_Collected material:_
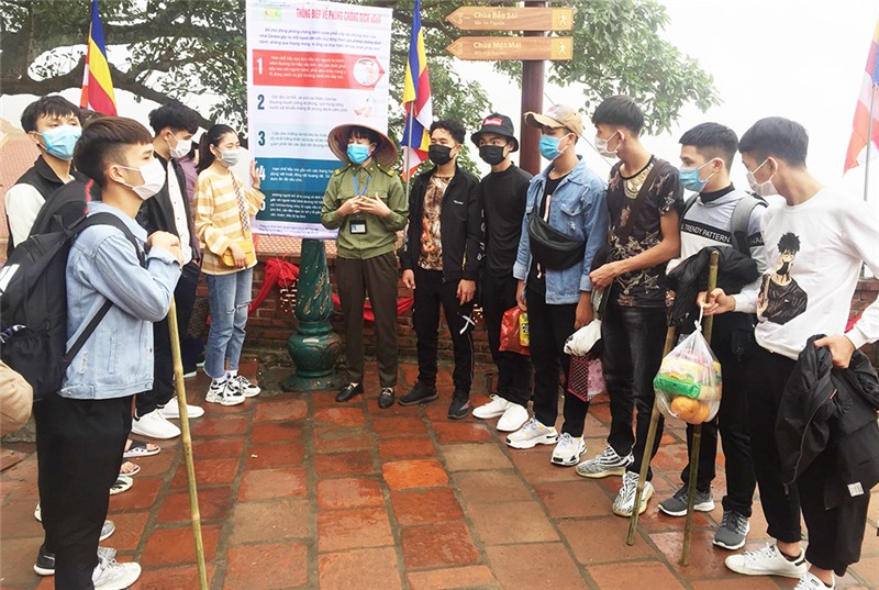 Nhân viên BQL Di tích và Rừng Quốc gia Yên Tử nhắc nhở du khách thực hiện đeo khẩu trang khi vào di tích.
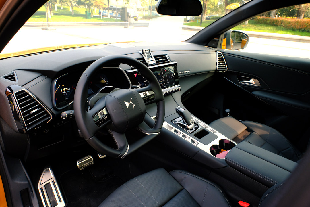 本次我们试驾的车型是DS 7的顶配车型:45THP Opera歌剧院版,这款顶配车型采用了全Nappa真皮包覆的内饰,无论是方向盘、车门饰板、中控台又或是座椅的背面,触感都是一流的;座椅的表链造型已成为DS车型的标志性设计之一,配合前排座椅的通风、加热和按摩功能,DS 7的座椅可以说在同级车型中难逢敌手。
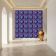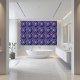 This stunning tile features a high-resolution image of a natural amethyst geode slice, showcasing its intricate crystal formations and vibrant purple, blue, and white hues.
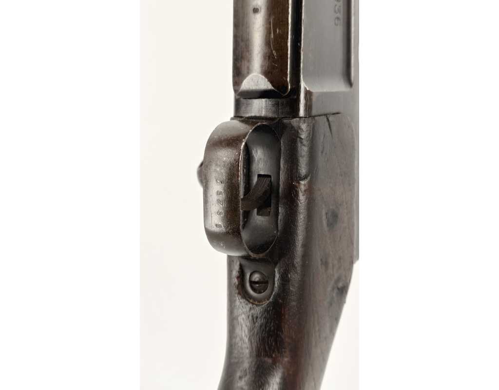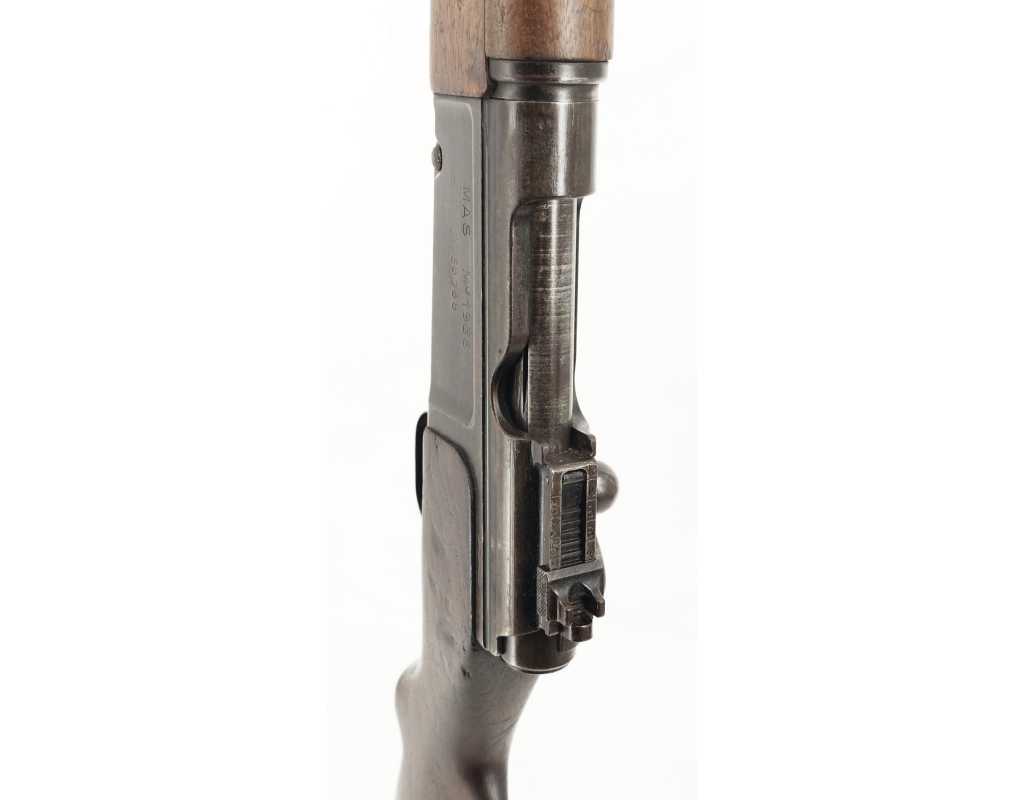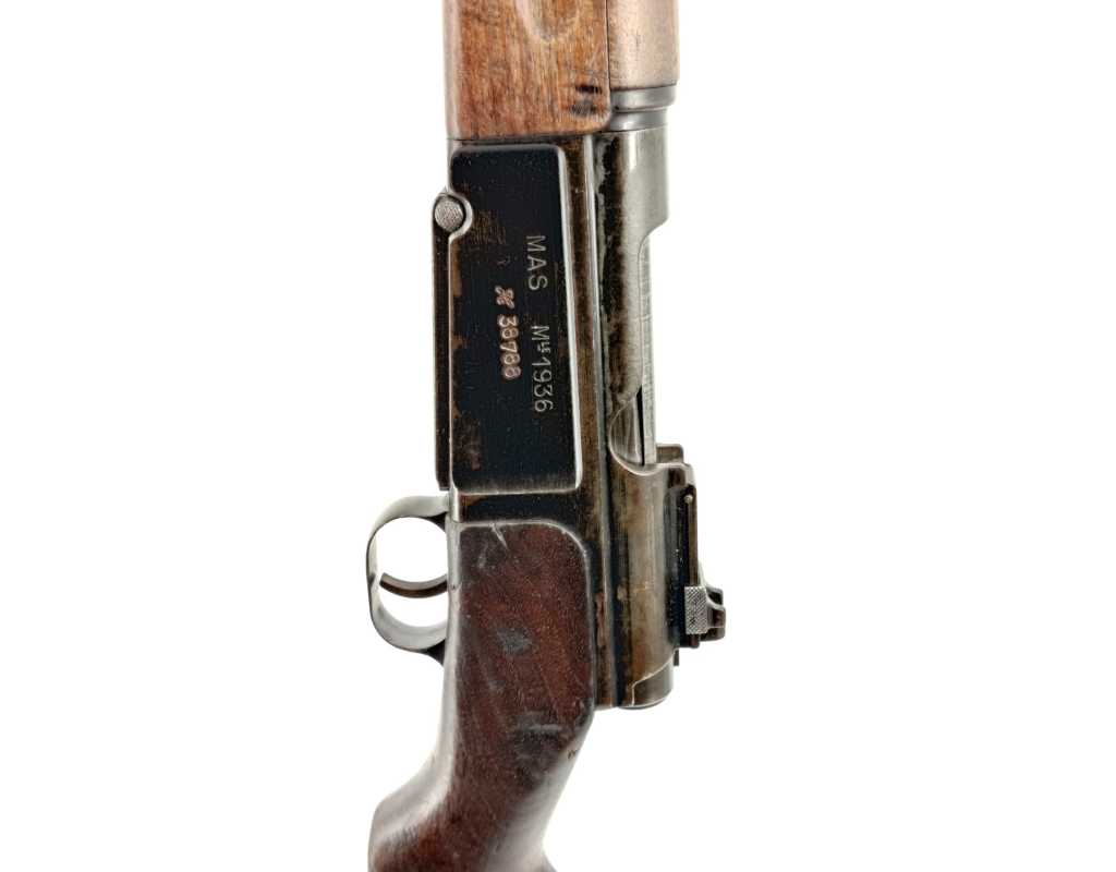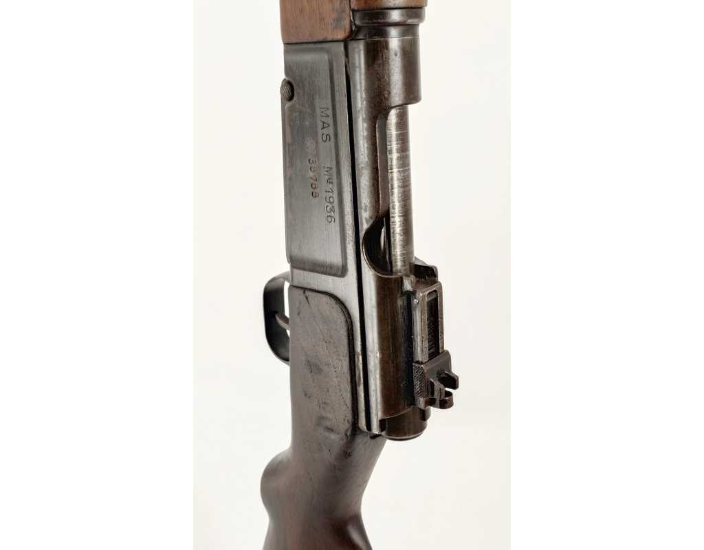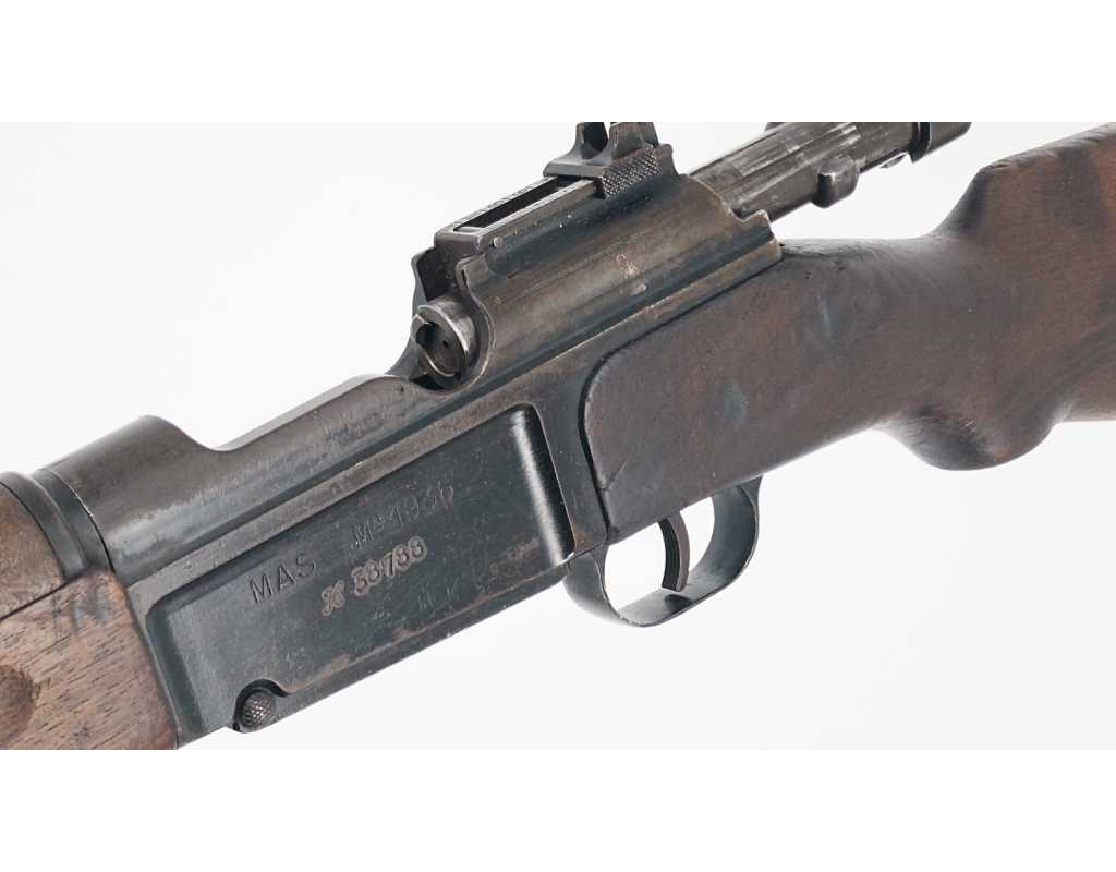 Fusil infanterie MAS modèle 36 1er type St Etienne de 1940 numéroté H38788, calibre d'origine 7,5X54 MAS. Peinture noir cuite au four d'origine (usures et taches), toutes pièces d'origine au même numéro excepté la baïonnette. Fins tache d'oxydation localisées. Canon d'origine à rayures d'aspect brillante sans usure particulière ni tache.

_Task to carry out:_ Give back exactly the lines from the line with "This stunning tile" through the end of the material above, inclusive, with no pictures.

_Answer to this task:_
 This stunning tile features a high-resolution image of a natural amethyst geode slice, showcasing its intricate crystal formations and vibrant purple, blue, and white hues.
 Fusil infanterie MAS modèle 36 1er type St Etienne de 1940 numéroté H38788, calibre d'origine 7,5X54 MAS. Peinture noir cuite au four d'origine (usures et taches), toutes pièces d'origine au même numéro excepté la baïonnette. Fins tache d'oxydation localisées. Canon d'origine à rayures d'aspect brillante sans usure particulière ni tache.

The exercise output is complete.